CSV import instructions

To import CSV files, create a manifest file that describes the data to import. The manifest file uses the following structure, defined here in protobuf format:

message ImportManifest {
  // The per-table import manifest.
  message TableManifest {
    // Required. The name of the destination table.
    string table_name = 1;
    // Required. The CSV files to import. This value can be either a path or a glob pattern.
    repeated string file_patterns = 2;
    // The schema for a table column.
    message Column {
      // Required for each column that you specify. The name of the column in the
      // destination table.
      string column_name = 1;
      // Required for each column that you specify. The type of the column.
      string type_name = 2;
    }
    // Optional. The schema for the table columns.
    repeated Column columns = 3;
  }
  // Required. The TableManifest of the tables to be imported.
  repeated TableManifest tables = 1;

  enum ProtoDialect {
    GOOGLE_STANDARD_SQL = 0;
    POSTGRESQL = 1;
  }
  // Optional. The dialect of the receiving database. Defaults to GOOGLE_STANDARD_SQL.
  ProtoDialect dialect = 2;
}

The following is an example manifest:

{
  "tables": [
    {
      "table_name": "Albums",
      "file_patterns": [
        "gs://bucket1/Albums_1.csv",
        "gs://bucket1/Albums_2.csv"
      ]
    },
    {
      "table_name": "Singers",
      "file_patterns": [
        "gs://bucket1/Singers*.csv"
      ],
      "columns": [
        {"column_name": "SingerId", "type_name": "INT64"},
        {"column_name": "FirstName", "type_name": "STRING"},
        {"column_name": "LastName", "type_name": "STRING"}
      ]
    }
  ]
}

The URL in the following The CSV file does not contain a header rowimport command must point to the folder containing a manifest file in JSON format, as described in the example manifest. This file can be located in Cloud Storage, Amazon S3, or a local file folder, using the same URL format for credentials as described in Avro import instructions. To start the import, run the following command:

spanner databases import DATABASE_ID --url="URL" --format=csv

CSV import options

Use the following flags to customize how Spanner Omni handles text files:

  • --csv-date-format: Overrides the format for date columns. The default is %Y-%m-%d. Example: %d/%m/%Y.

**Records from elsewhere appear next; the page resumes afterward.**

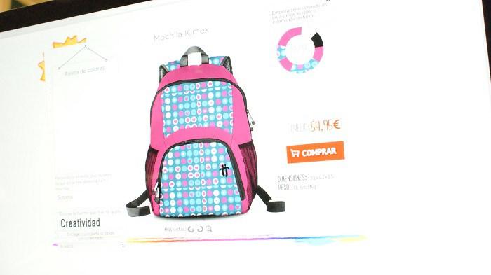 Actualmente se pueden diseñar con esta aplicación el modelo de mochila Kimex con el portalápices a juego, aunque seguramente en un futuro se amplie el catálogo de productos que podemos personalizar.
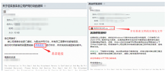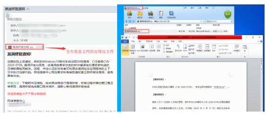 1、攻击者向内网散布钓鱼邮件,邮件伪装成漏洞修复通知,攻击者利用这一点诱使用户下载恶意压缩包文件。
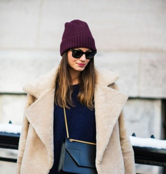 - Шапка из крупной вязки. Этой зимой обрати внимание на объемную шапку крупной вязки. Особенно стильно смотрятся изделия из крупной вязки, которые станут ярким акцентом. Также стоит помнить, что выбирая объемный головной убор важно уравновесить его громоздкость с помощью облегающей одежды: приталенного пальто, скинни-джинсов, облегающего свитера.
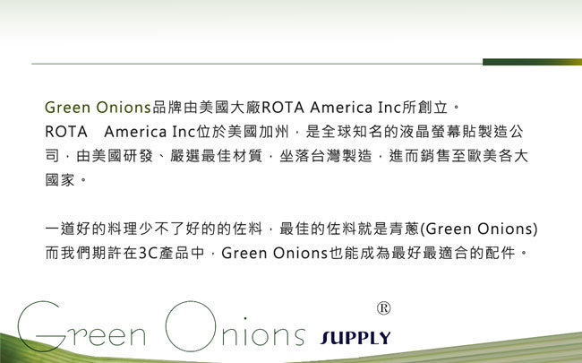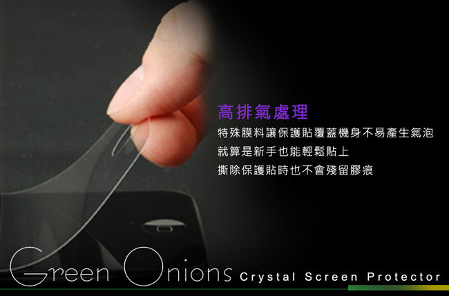 Green Onions的保護貼防指紋處理,手指在螢幕上滑行也不容易沾黏手紋又滑順。
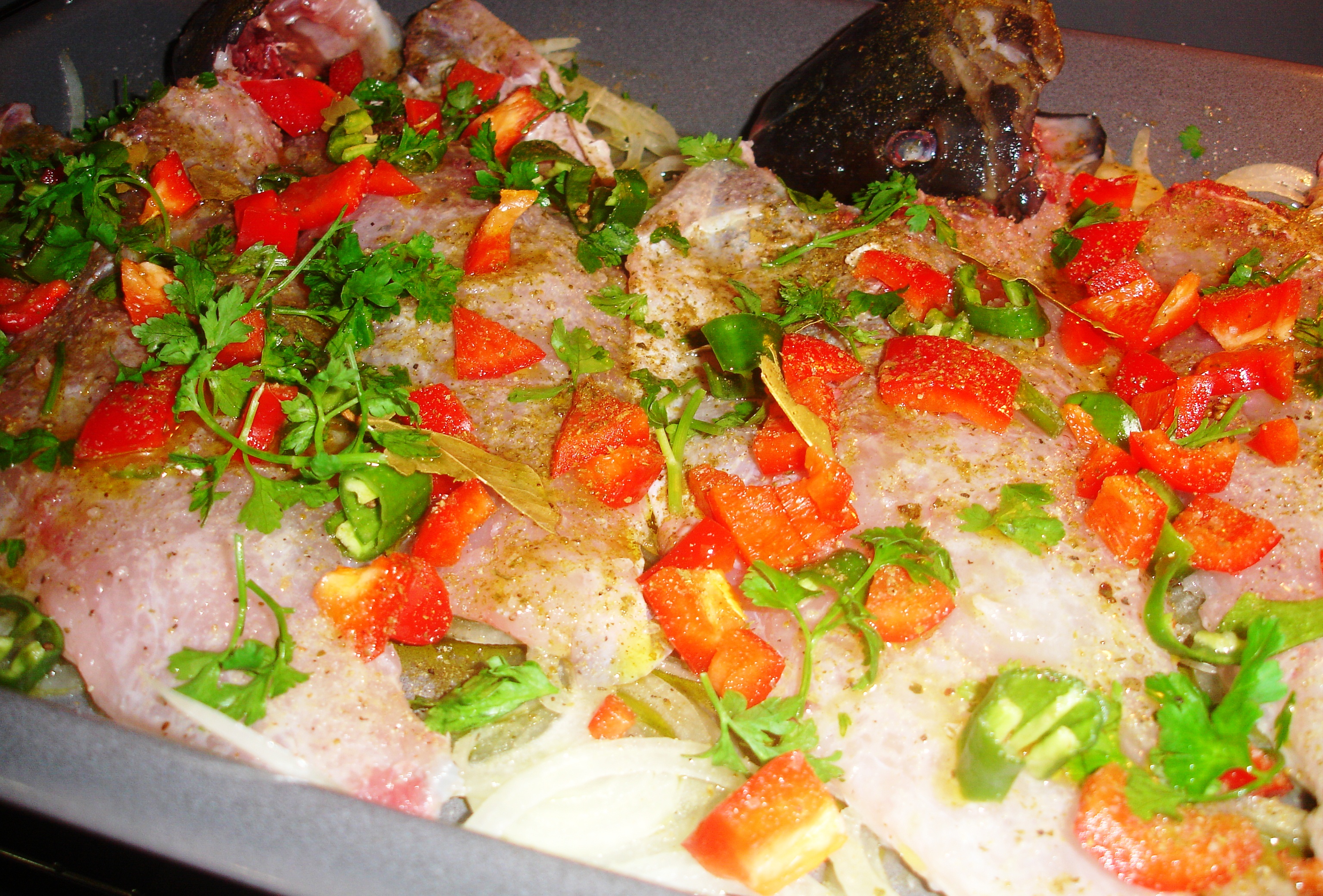 Coloquei o refogado no tabuleiro do forno. Dispus as vejas em cima do refogado. Temperei-as com sal, com as pimentas, alho em pó, louro e acafrão.
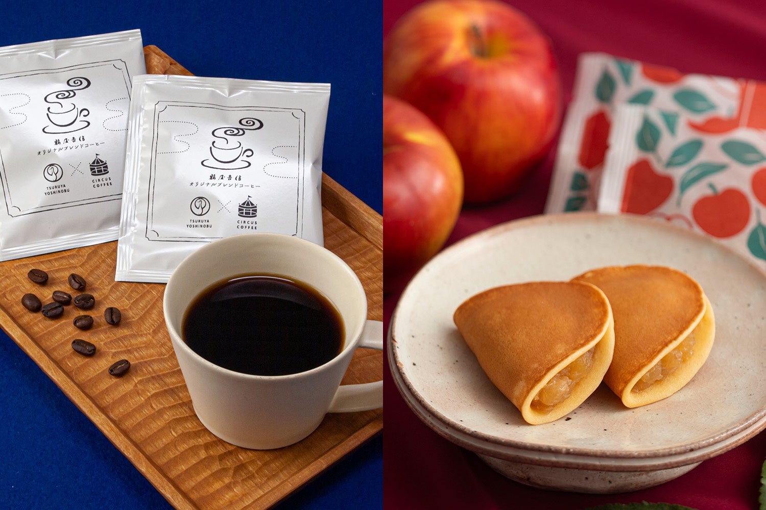 「鶴屋吉信オリジナルブレンドコーヒー」と、しっとり・もっちり美味しいベストセラー焼菓子「つばらつばら りんご」、冬の縁起菓「福ハ内」をお詰め合わせに。和菓子との相性を重視したコーヒーは、一杯ずつお楽しみいただける便利なドリップタイプで、和菓子との香り豊かなひとときをお楽しみいただけます。
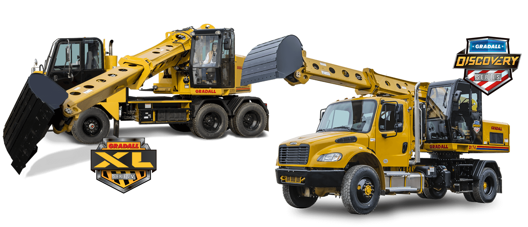 Gradall XL Series V and Discovery highway-speed excavators travel quickly to one or more jobsites and then back to the safety of the equipment yard at the end of the day. With Gradall’s world-famous full tilting, telescoping boom, and an array of available attachments, both XL and Discovery models offer versatility with unmatched mobility. Choose from XL Series V or the Discovery models built on a Freightliner chassis, designed with government and specialty contractors’ budgets in mind.
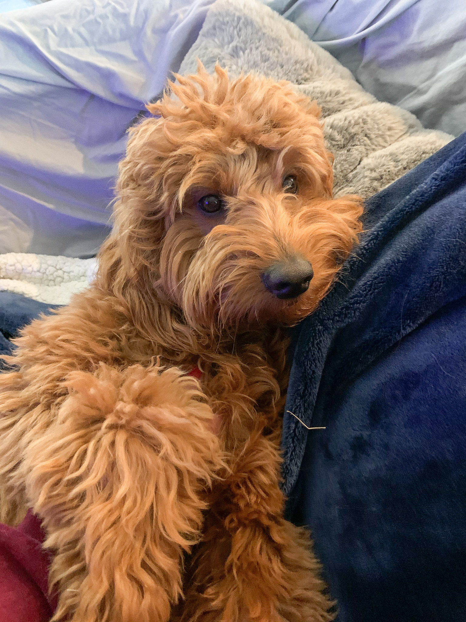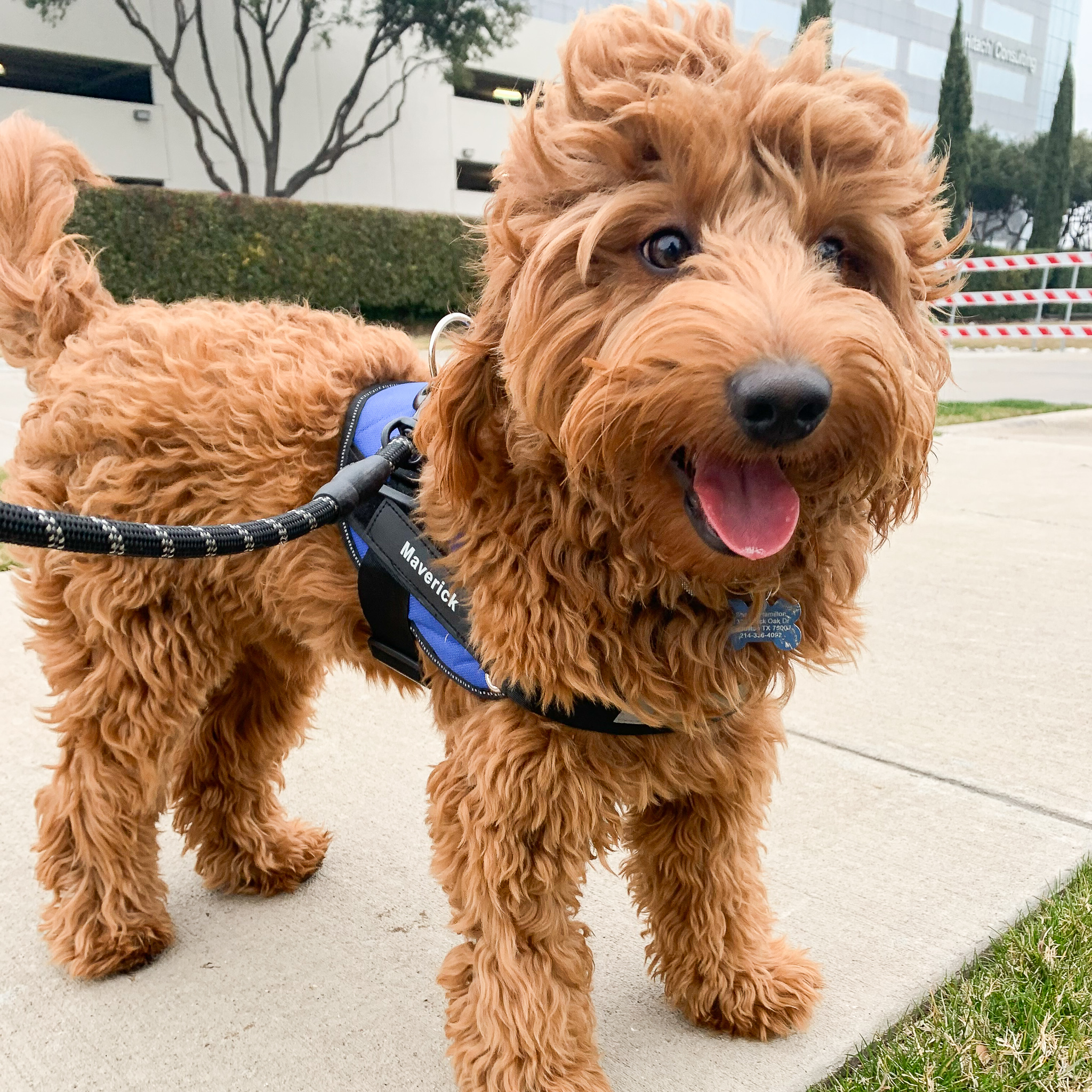 Hello, I'm Maverick! I'm a 9-month-old, 24 lb male Mini Goldendoodle. I specialize in cuteness and cuddles and I don't shed. I’ll need frequent brushing to keep my coat looking its best!
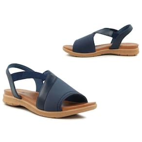 A Sandália Rasteira Usaflex Feminina Elástico Azul Marinho possui recortes em couro, e tecido com elastano na região de joanetes, que reduz a pressão e molda-se aos pés com delicadeza e maciez. Ajuste em elástico que irá facilitar o momento do calce.
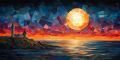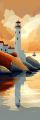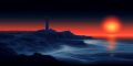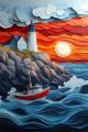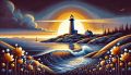 Vivid Sunset Over Halifax: A Stylized Lighthouse and Ocean Waves
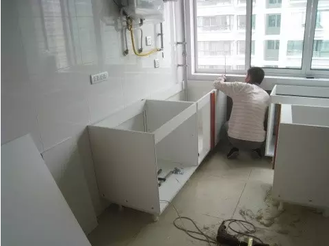 3、進行櫥柜、油煙機等炊具的安裝,水槽(上下水件稍后安裝)和煤氣灶也要跟上,記得通知物業開通煤氣測試一下。
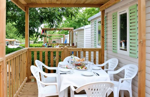 "Happy Premium", 4 estancias mobile home 30 m2. Con mobiliario confortable: salón-dormitorio con mesa de comedor, calefacción eléctrica y aire acondicionado. 1 dorm. con 1 cama de matrimonio (140 cm, 190 cm de longitud). 2 dorm cada habitación con 2 camas (70 cm, 190 cm de longitud). Cocina abierta (4 fogones, microondas, congelador, cafetera eléctrica). Ducha/WC. Aire acondicionado (extra). Terraza parcialmente cubierta. Muebles de terraza, barbacoa eléctrica (portátil), tumbonas (2). El alojamiento dispone de: mosquitera. Plaza de aparcamiento (1 coche). A tener en cuenta: apartamento para no fumadores. IT023006B143AX8QZE
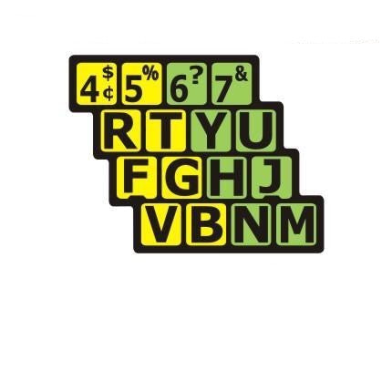 Stickers to divide keyboards left/right : black on yellow and white on green (Caps and Lowercase) - 30185
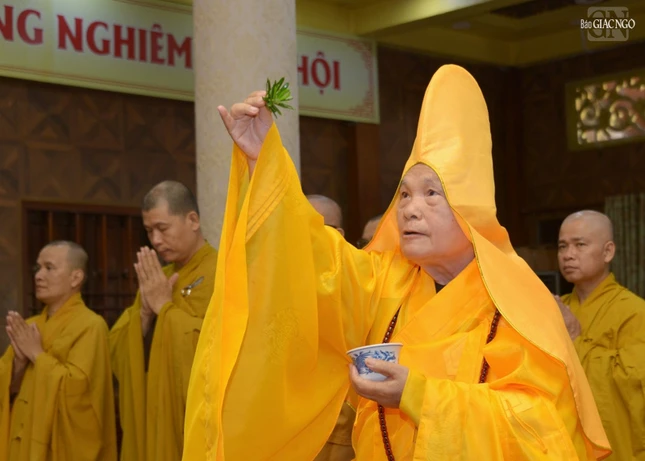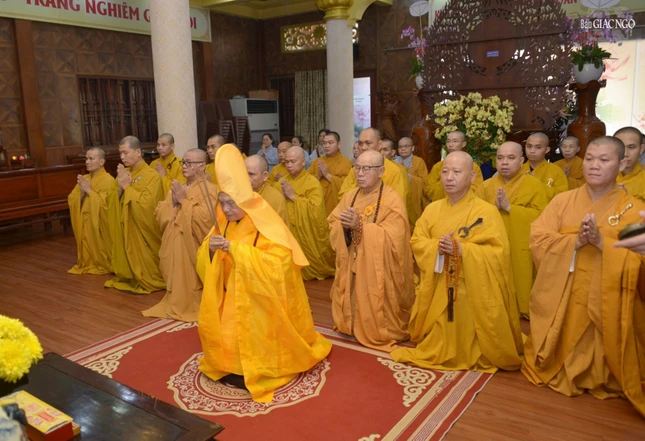 Tiếp đó, trong tiếng đồng thanh trì tụng thần chú Đại bi, Thượng tọa Thích Quảng Chơn, Trưởng ban Nghi lễ GHPGVN TP.HCM, cùng chư tôn đức Ban Nghi lễ Phật giáo TP.HCM, hướng dẫn đạo tràng đồng trì tụng kinh Dược Sư, hồi hướng công đức, nguyện phong điều vũ thuận, quốc thái dân an.
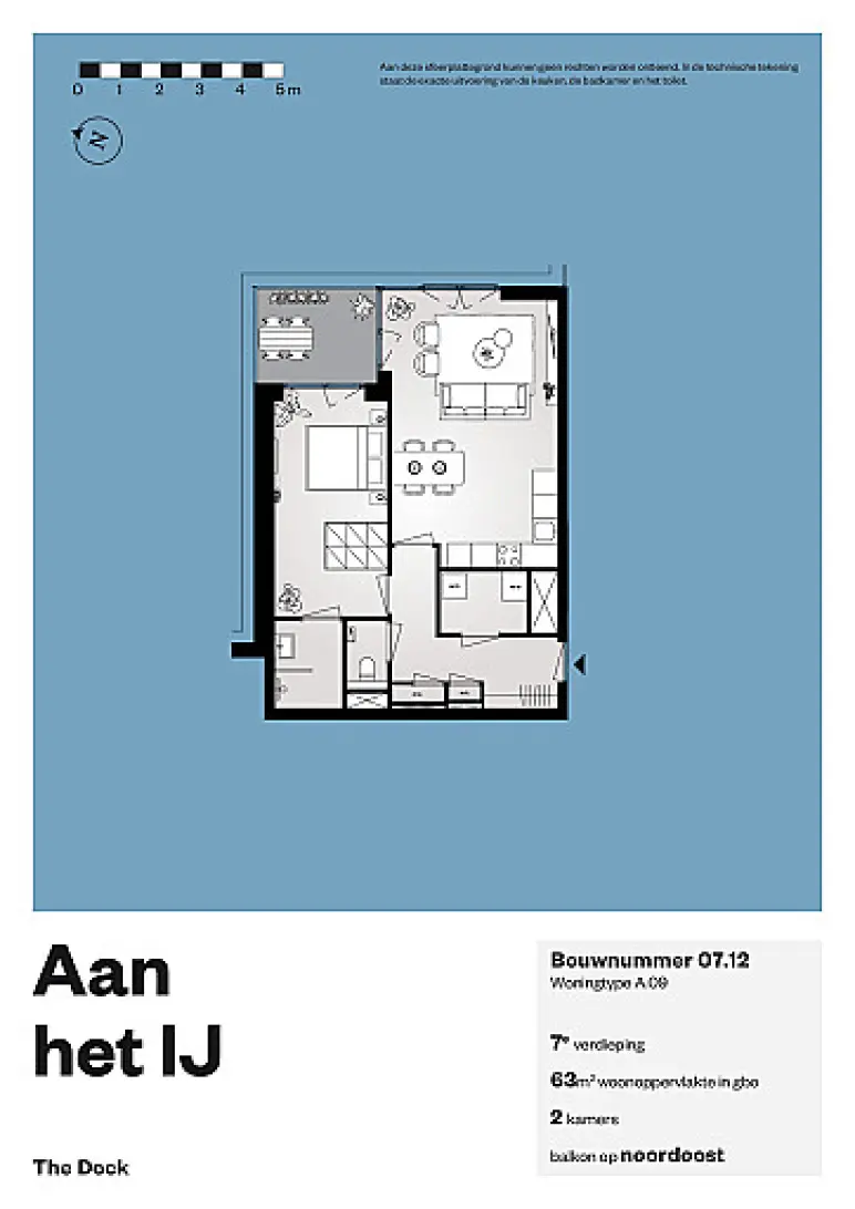 Het appartement heeft een oppervlakte van ongeveer 63 m² en is ingedeeld met een living met open hoekkeuken en een ruime slaapkamer met ensuite badkamer. In de berging heb je ruimte voor een wasmachine en wasdroger en staan de technische apparaten.

  • --csv-timestamp-format: Overrides the format for timestamp columns. Use this only if Spanner Omni doesn't support the format in the CSV. Example: %d/%m/%Y %H:%M:%S%Ez.

  • --csv-delimiter: Overrides the delimiter character. The default is a comma.

  • --csv-quote-char: Overrides the quote character. The default is a double quote.

  • --csv-escape-char: Overrides the escape character. The default is a double quote.

  • --csv-null-string: Overrides the string that represents NULL values. The default is \N.

  • --csv-has-trailing-delimiters: Specifies whether the CSV files have trailing delimiters. The default is false.

Export to Avro files

To export data to Avro files, follow the URL format instructions in the Avro import instructions.

Any server in the deployment can write data to the provided datastore. If you use a local file folder as the destination, ensure all servers have access to the same path and can write to it in parallel.

The system exports all tables and entities in the database. Ensure you provide a new, empty folder path for the exported data.

To start the export, run the following command:

spanner databases export DATABASE_ID --url="URL" --format=avro

CSV exports support tables only and don't export the database schema.

Export to CSV files

CSV exports don't export the database schema and support tables only. To export data to CSV files, run the following command:

spanner databases export DATABASE_ID --url="URL" --format=csv

Troubleshooting

If an import fails, schema updates and imported data don't automatically revert. Manually clean up the database before you retry the operation.

The speed of an import operation depends on several factors, including the number of files in the folder, the available compute resources in the deployment, and disk speed. If sufficient resources are available, the system imports files in parallel.